Abstract: As with many other fields, text-to-speech (TTS) has reached a new level with the recent advancements in Deep Learning. TTS is a seq2seq problem riddled with peculiarities and specific challenges. A three step approach is the modern solution: first, a sequence-to-sequence model align text and audio; second a feed-forward network predicts spectrogram from the text input and last, a vocoder model synthesizes the final waveform from the predicted spectrograms.
High-dimensional target space, non-bijective text-spectrograms correspondence, large discrepancy between input and target sequence length, student-teacher approach to avoid autoregression, very long output sequences ,slow inference speed and long training times (over 2 weeks), no explicit evaluation metric that correlates with perceived audio quality are some of the challenges of this problem.
During the course of this project we, together with other teams (e.g.

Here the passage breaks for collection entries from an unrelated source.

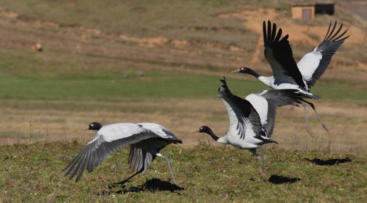 每年十月底都會有大批的黑頸鶴從遙遠(yuǎn)的青藏高原遷徙到這里越冬,第二年四月初離開。2003年,大山包國家級黑頸鶴自然保護(hù)區(qū)成立,從此,大山包便成了黑頸鶴的樂園。大山包主要有兩個景點,大海子冬天的黑頸鶴和雞公山的云海。
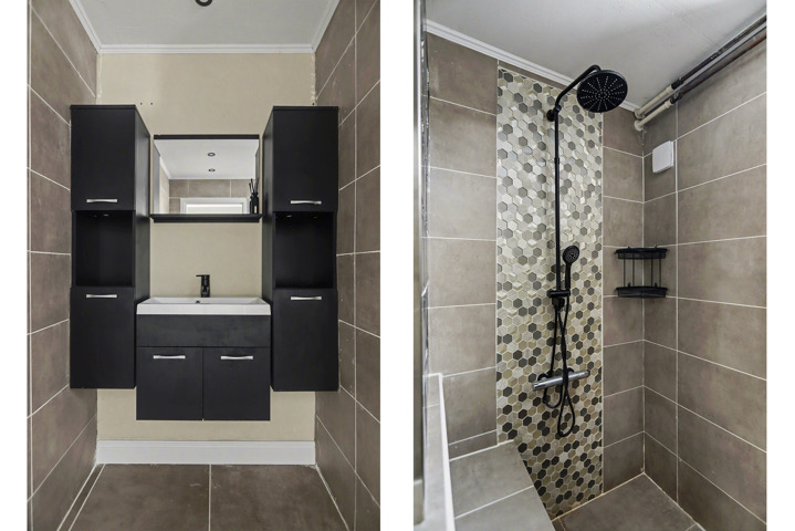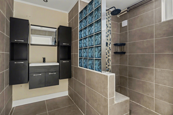 De geheel betegelde luxe badkamer is in 2024 vernieuwd en beschikt over een ruime inloopdouche met thermostaatkraan, badkamermeubel met vaste wastafel en bergkasten en ventilatie.
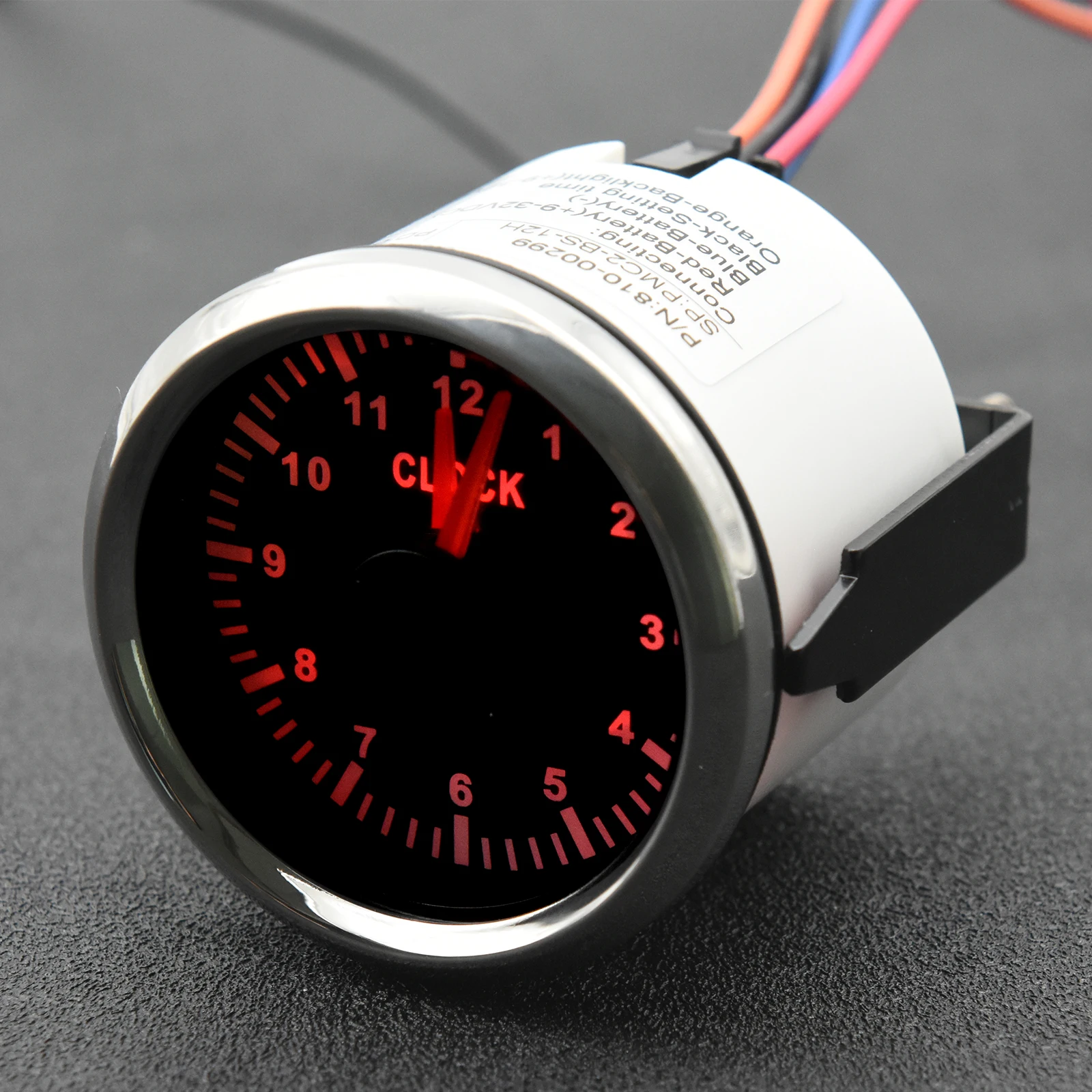 Водонепроницаемые часы, приборная панель с красной подсветкой, серебристо-черного цвета, 52 мм, диапазон измерения 0-12 часов, 9-32 В, для автомобиля, лодки, яхты

Mozilla), have tackled many of these issues and successfully trained the current state-of-the art architectures such as Tacotron and Transformer-based models as well as developed their feed-forward counterparts and made all of it available open source.
Using these models, we created the first brand voice for Axel Springer, which now allows for audio content on the news website.
Bio: Francesco received his MS degree in Computational Mathematics in 2017 from the Department of Mathematics at the Technical University of Berlin. After a research experience in Bayesian machine learning, he pivoted into deep learning with generative models and computer vision. In his current position as a machine learning research engineer, he works on NLP and speech synthesis and has presented and authored a few open source projects related to these topics.